Caroline: Agreed. I wanted more there. I read in the intro that this book was grown out of a novella – for it to be a DIK, I would have liked it to grow one more time – an extra hundred and twenty pages would have made a world of difference. The author could have used some of that word count to describe the court more thoroughly. I love a bitchy high-school society vibe, but for all that the characters ‘tell’ us about the toxic court culture, the only court bad guys we see are Gunnar’s relatives and one royal reporter. I also felt that the depiction of the palace (so big Brenna gets lost in it) unrealistic for a country we are told has twenty-four thousand people.
Em: I hear what you’re saying. Was it a poor country or merely a poorly managed country? Why didn’t the citizens have a problem with the king’s excesses? What made this royal family so beloved by its people? I thought Ms. O’Keefe wanted to go deeper into the political machinations with all the references to divided loyalties among the king’s advisory board, but the divisions lacked substance – maybe because of the shorter length?

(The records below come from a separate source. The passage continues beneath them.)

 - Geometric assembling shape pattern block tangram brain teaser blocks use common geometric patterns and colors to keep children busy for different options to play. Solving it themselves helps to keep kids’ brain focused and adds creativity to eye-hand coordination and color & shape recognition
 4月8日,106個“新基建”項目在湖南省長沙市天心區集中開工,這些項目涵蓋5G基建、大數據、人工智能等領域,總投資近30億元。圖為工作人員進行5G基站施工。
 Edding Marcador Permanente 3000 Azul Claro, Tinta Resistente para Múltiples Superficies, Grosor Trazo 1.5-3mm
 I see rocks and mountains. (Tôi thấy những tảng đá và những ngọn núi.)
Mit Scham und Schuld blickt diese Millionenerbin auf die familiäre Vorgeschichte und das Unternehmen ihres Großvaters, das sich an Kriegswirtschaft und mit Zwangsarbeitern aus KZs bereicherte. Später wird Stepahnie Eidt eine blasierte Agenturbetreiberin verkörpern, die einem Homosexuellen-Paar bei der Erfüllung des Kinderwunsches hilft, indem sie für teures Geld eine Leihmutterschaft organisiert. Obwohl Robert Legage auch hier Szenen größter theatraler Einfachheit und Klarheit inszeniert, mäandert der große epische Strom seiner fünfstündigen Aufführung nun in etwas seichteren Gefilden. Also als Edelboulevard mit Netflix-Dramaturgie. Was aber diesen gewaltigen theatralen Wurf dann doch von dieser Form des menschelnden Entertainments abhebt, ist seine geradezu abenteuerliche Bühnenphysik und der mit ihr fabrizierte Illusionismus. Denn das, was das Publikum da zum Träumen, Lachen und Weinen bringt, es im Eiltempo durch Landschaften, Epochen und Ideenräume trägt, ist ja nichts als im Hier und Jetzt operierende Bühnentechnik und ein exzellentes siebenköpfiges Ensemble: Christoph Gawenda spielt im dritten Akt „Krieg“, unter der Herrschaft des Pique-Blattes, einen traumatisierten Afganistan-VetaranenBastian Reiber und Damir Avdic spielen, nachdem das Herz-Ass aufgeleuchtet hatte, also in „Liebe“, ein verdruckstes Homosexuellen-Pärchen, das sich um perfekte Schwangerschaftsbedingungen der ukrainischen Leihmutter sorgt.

Caroline: That being said, I loved everything else about the setting. The political maneuvering around the oil, and the Russian company angling for it, felt believable. The geography of the setting was well depicted – the wind, the air, the summer that Gunnar compares Brenna to in her yellow dress. I loved it when the small-town mayor got snarky with Gunnar. I even liked the detail to have Brenna go to the University of Edinburgh, not Oxford/Cambridge – there’s such a long historical connection between Scotland and the islands of the north Atlantic, and the choice made sense.

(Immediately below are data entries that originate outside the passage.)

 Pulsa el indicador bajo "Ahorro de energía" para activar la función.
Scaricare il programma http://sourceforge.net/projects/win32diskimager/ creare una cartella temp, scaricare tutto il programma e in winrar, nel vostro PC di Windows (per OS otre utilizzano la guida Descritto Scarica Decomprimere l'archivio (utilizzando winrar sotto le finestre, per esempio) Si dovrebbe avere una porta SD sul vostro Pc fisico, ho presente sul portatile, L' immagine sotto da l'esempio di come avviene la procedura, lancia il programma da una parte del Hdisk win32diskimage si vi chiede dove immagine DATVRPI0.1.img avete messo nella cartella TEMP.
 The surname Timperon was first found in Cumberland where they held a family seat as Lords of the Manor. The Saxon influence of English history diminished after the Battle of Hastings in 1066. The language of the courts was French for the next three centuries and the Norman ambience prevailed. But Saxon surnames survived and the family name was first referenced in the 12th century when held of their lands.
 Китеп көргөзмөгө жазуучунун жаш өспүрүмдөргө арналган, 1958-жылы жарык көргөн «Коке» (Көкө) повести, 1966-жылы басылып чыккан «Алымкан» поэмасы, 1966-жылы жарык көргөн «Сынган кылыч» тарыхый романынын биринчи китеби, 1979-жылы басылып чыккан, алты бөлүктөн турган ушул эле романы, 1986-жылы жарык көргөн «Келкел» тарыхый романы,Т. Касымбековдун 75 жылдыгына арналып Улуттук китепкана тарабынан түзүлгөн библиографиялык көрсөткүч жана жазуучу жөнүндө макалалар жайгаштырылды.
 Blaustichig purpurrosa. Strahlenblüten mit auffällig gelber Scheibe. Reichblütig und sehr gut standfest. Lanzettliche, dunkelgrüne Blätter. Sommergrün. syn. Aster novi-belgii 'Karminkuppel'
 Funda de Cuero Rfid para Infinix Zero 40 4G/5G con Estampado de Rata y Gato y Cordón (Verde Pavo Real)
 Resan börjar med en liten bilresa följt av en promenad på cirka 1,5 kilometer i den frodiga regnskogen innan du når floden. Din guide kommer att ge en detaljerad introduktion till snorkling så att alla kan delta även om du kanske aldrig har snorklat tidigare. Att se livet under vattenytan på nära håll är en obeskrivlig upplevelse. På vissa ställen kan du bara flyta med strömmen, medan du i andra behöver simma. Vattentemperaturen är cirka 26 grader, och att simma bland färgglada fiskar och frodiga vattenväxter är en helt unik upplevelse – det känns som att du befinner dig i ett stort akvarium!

Em: Alright, we agree that Brenna and Gunnar had excellent chemistry in bed and out of it. But what did you think of the trajectory of their relationship (notwithstanding the awkward opening sequence)?
Most authors would have gone for the obvious, making Brenna a shy, ugly duckling wallflower, but as usual, Ms. O’Keefe goes in a different direction. Brenna isn’t a great, obvious beauty or the super fashionable, popular, life of the party heroine. Her beauty is less obvious, and she’s completely comfortable in her skin. Her greatest strength is her intelligence and love of her homeland; although she’s still plagued with familiar insecurities when faced with a handsome ladykiller like Gunnar.
Caroline: Brenna is that girl who is so awkward when she’s younger, and I just wanted to tell her, “Hang in there. You are not meant to peak at sixteen or twenty-two. You will grow into yourself, and the people around you will mature and realize that your gifts are more worth admiring than the things they prioritize now.” Being born a prince nearly ruined Gunnar, but joining the royal family is an opportunity for Brenna, and she’ll do whatever it takes to make it a success. I was cheering for her so hard and it was incredibly satisfying to watch her win.
Em: I also thought Gunnar was more than the stereotypical bad boy. He’s sensitive and damaged (okay, those are still stereotypes)… but curious. Brenna is the ‘smart’ one, but Gunnar’s intelligence is different. He understands people and relationships, and he’s honest enough to admit he can learn from Brenna and not too proud to do so. I loved that about him.
Caroline: I do see that, but to me, he was much more of a stock character than Brenna. I see Gunnar as the nerd-girl fantasy of the hot guy who can choose any woman becoming utterly smitten by a competent, managing brainiac. And I’m okay with that!
Em: I had high hopes for this surprise (to me) novel from one of my favorite authors. If it was slightly longer I think it would have been a DIK. As it is, it’s still pretty great and it’s a solid B+ from me.
Caroline: My Wicked Prince is sexy wish-fulfillment fun. Definitely enjoyable. I give it a B+, too.